There is a great tension in the Catholic Church as people grapple with what seems to be a vocations crisis in many quarters. It has been met with efforts to professionalize ministry with trained lay people, both women and men, who now do many of the things priests or religious used to do. When you have ratios like one priest to 1,000 people, there's a problem, but I'm not sure some of the fixes many people have in mind are good ones for the Church. There is a flattening out, a democratization, that I find troubling. I like hierarchy and proper authority.
This is not to say I don't have some sympathy for many of my cohorts of a certain age. We can all remember a time when you could literally not get credit without your father's or your husband's signature, or when gals like me with a good college education were sent to the secretarial pool and it never occurred to anyone to put us in the track to be become licensed account executives. We experienced some of the downside of patriarchy, where male privilege was assumed and sexism was a real problem in the work place and in the home. We were groomed to find someone to marry and it did not occur to people that we might want to be professors or doctors or journalists. Many women in my generation broke through those assumptions — for better or for worse, I don't know — but still see this big "glass ceiling" in the Church.

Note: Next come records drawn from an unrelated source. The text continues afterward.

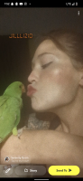 African Ringneck small-medium green feathers very friendly wings were clipped once line of demarcation where they’re growing back but she can fly pretty well orange ish red beak with little bit of black on the tip of her wings very friendly lost on Miami Beach.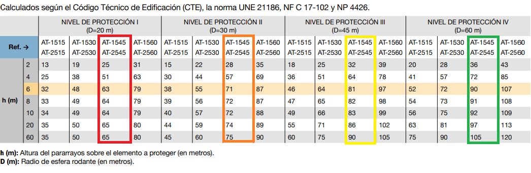 Normativa: UNE 21186:2011; NF C 17-102:2011; NP 4426:2013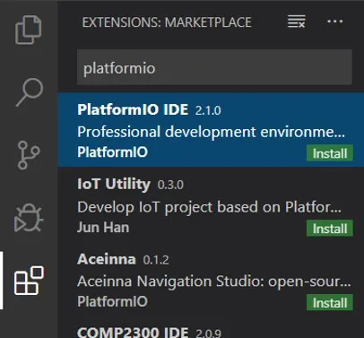 PlatformIO IDEinto the search window. - Install the PlatformIO IDE.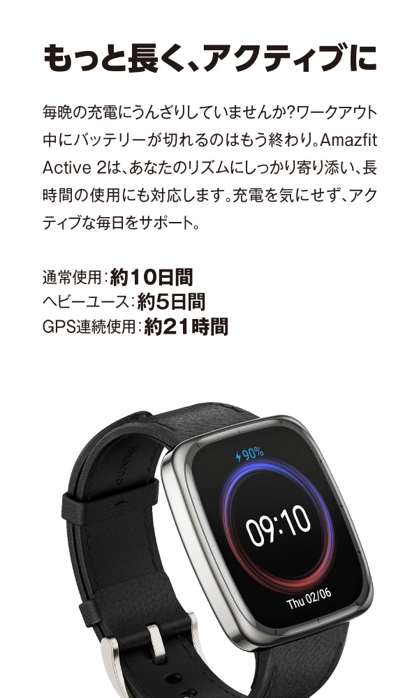 頻繁な充電から解放され、日常もアクティブシーンもバッテリー残量を気にせず使えます。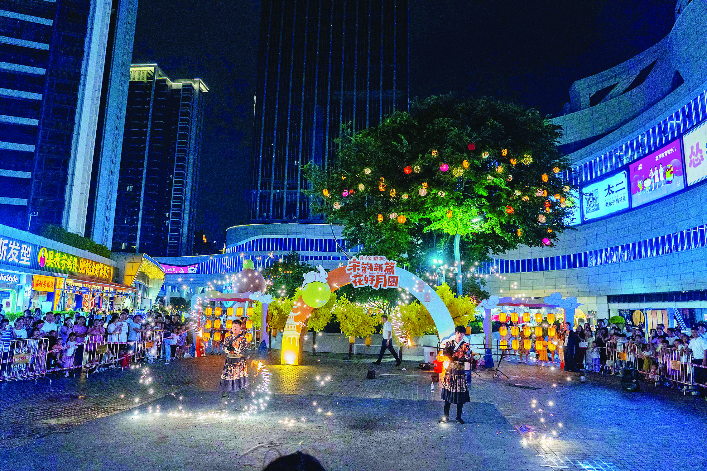 商圈的火壺表演吸引了眾多消費(fèi)者圍觀;葜萑?qǐng)?bào)記者劉煒煒 攝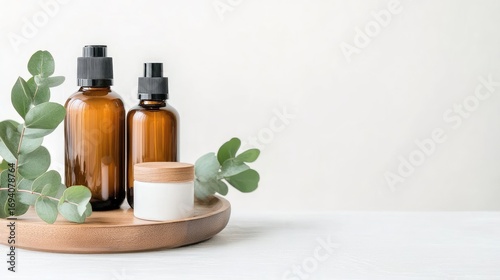 Two amber bottles with black pump heads sit on a bamboo tray adorned with eucalyptus leaves, showcasing natural hair care products against a white backdrop
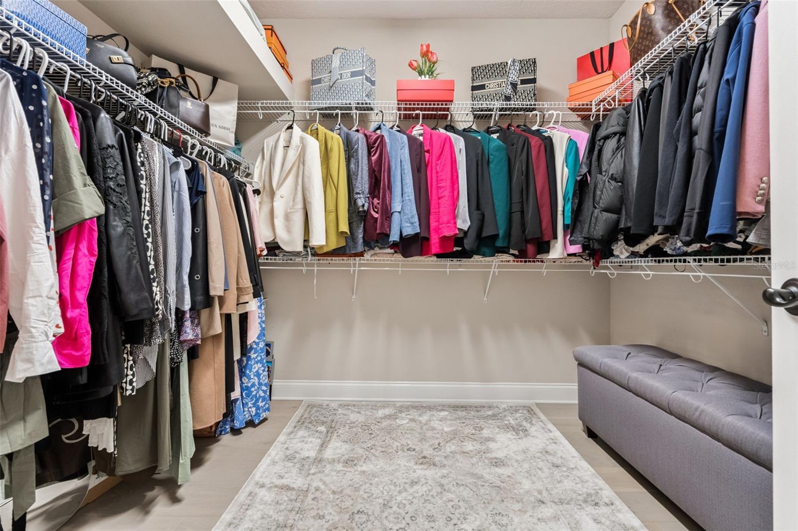 Crown Molding, Eat-in Kitchen, High Ceilings, Living Room/Dining Room Combo, Open Floorplan, PrimaryBedroom Upstairs, Solid Wood Cabinets, Stone Counters, Thermostat, Tray Ceiling(s), Walk-In Closet(s), Window Treatments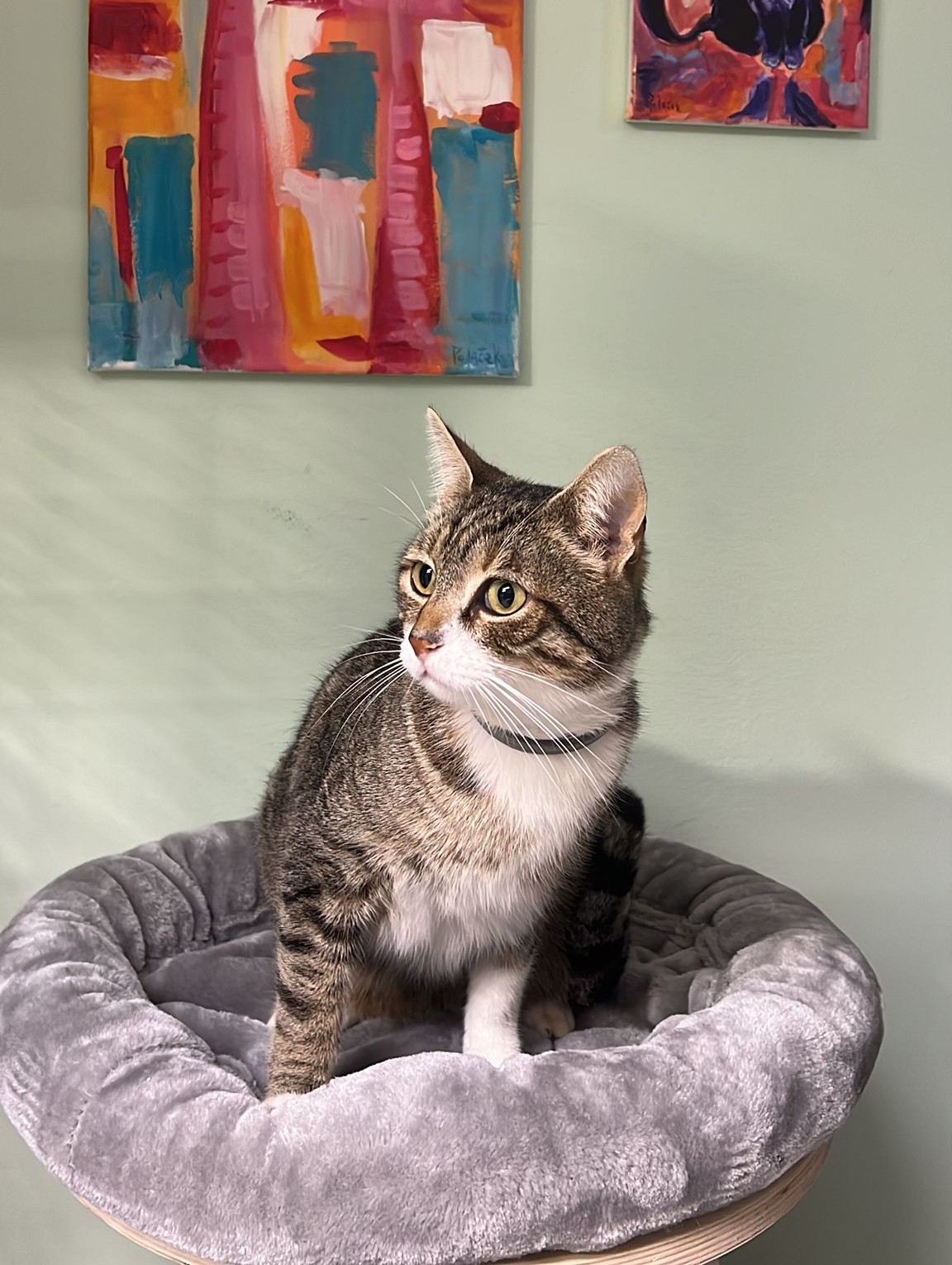 U prostoriji je uključen Feliway koji umanjuje stres kod maca. Hrana je Gourmet mouse ili neka druga po želji vlasnika ili potrebama mace, a pijesak Green cat koji koristimo je u potpunosti prirodan i izraden iz 100 posto prirodnog materijala.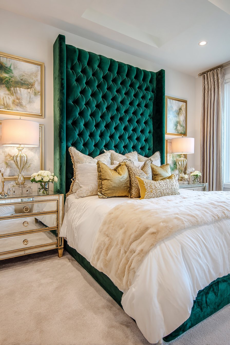 Some bedrooms transcend mere functionality to become experiences of pure indulgence, and this hotel-inspired California king suite embodies that aspirational quality. An oversized tufted headboard reaching nearly to the ceiling commands immediate attention, upholstered in rich emerald green velvet that catches and reflects light with every subtle movement. The dramatic scale creates an architectural element that defines the entire space, while the jewel-tone color introduces sophistication and personality without requiring additional pattern or embellishment.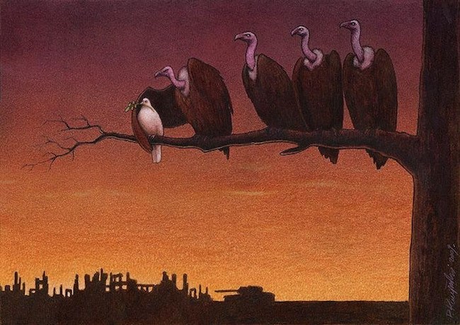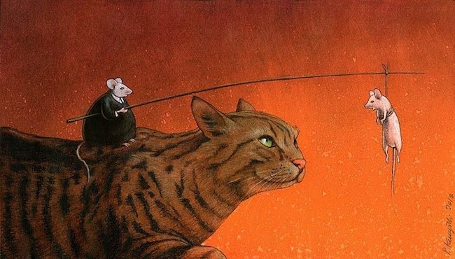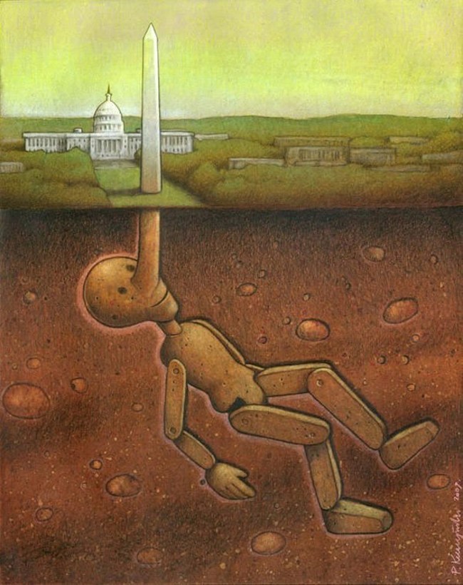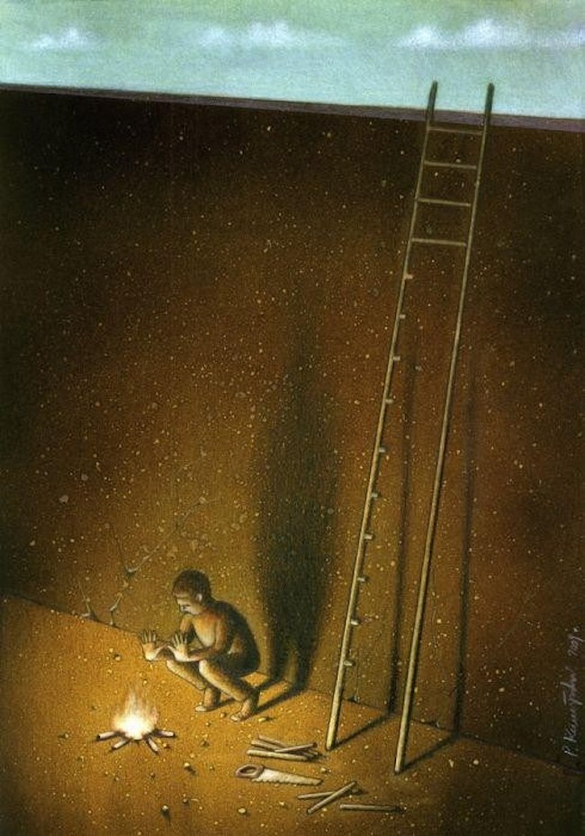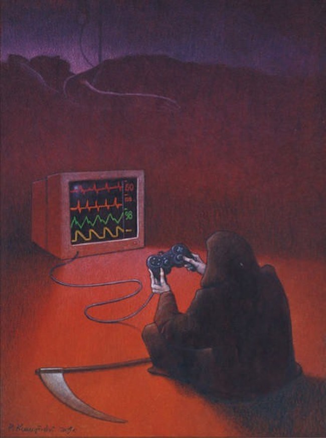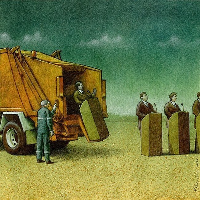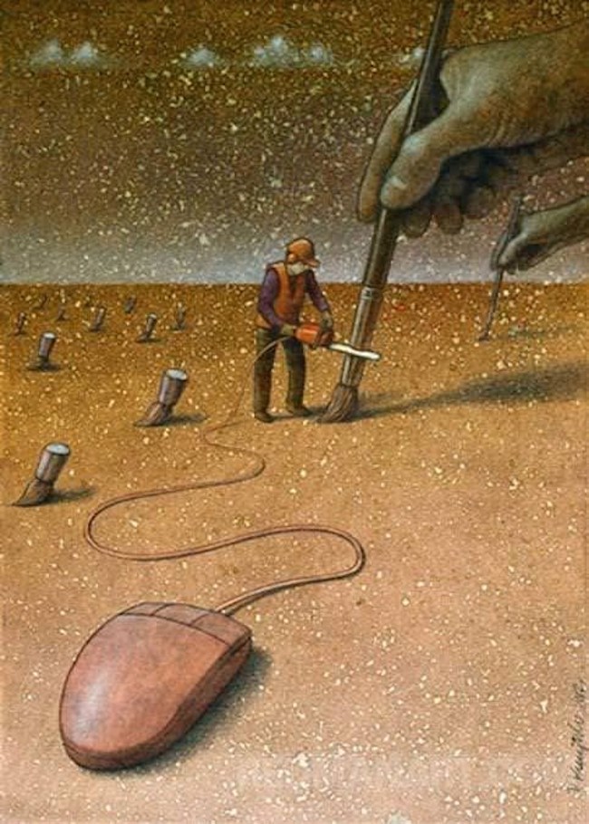 O artista Pawel Kuczynski especializado em criar ilustrações que, sem exibirem uma palavra sequer, trazem profundas reflexões sobre o quotidiano. Além de serem trabalhos excepcionais, proporcionam a retomada da criatividade aos nossos olhos e ouvidos cada vez mais passivos, pois é importante lembrar que o mundo não está só à frente, mas aos lados, acima e abaixo de nós.

Today, I see the pendulum has swung too far in the opposite direction. Where, when I was growing up, men were automatically privileged, today men are devalued and fatherhood is diminished and even ridiculed in the popular media. The priesthood is smeared as a haven for pedophiles. Fathers are chumps. Women can do without them, even when it comes to raising children.
Look at most churches, even Catholic Churches, and what is the ratio of men to women? 60 women to 40 men? Lower than that? Why are men checking out? Why would they rather play golf or watch TV than go to church?
For many women in my age group, the fact that men are up there at the altar and heading the dioceses and running the Vatican like a male-only club feels like a slap in the face. Some resent the special status men have, when they do a lot of the real work in keeping a parish or a diocese running, but they have none of the real decision-making power or recognition.
I do not want to be a priest. But I do want to exercise some form of ministry in the priesthood of believers, a concept that for me is still imbued with evangelical connotations involving the exercise of supernatural spiritual gifts such as prophecy, discerning spirits, healing, evangelism and so on. It doesn't mean the same thing as it means to liberal Catholics, who want the priesthood of believers to be, for example, a democratic force to overturn strictures against artificial contraception or see the priesthood open to women.
So — for the Ordinariates — what role for women? When women ask to be empowered in the Church, what do they mean?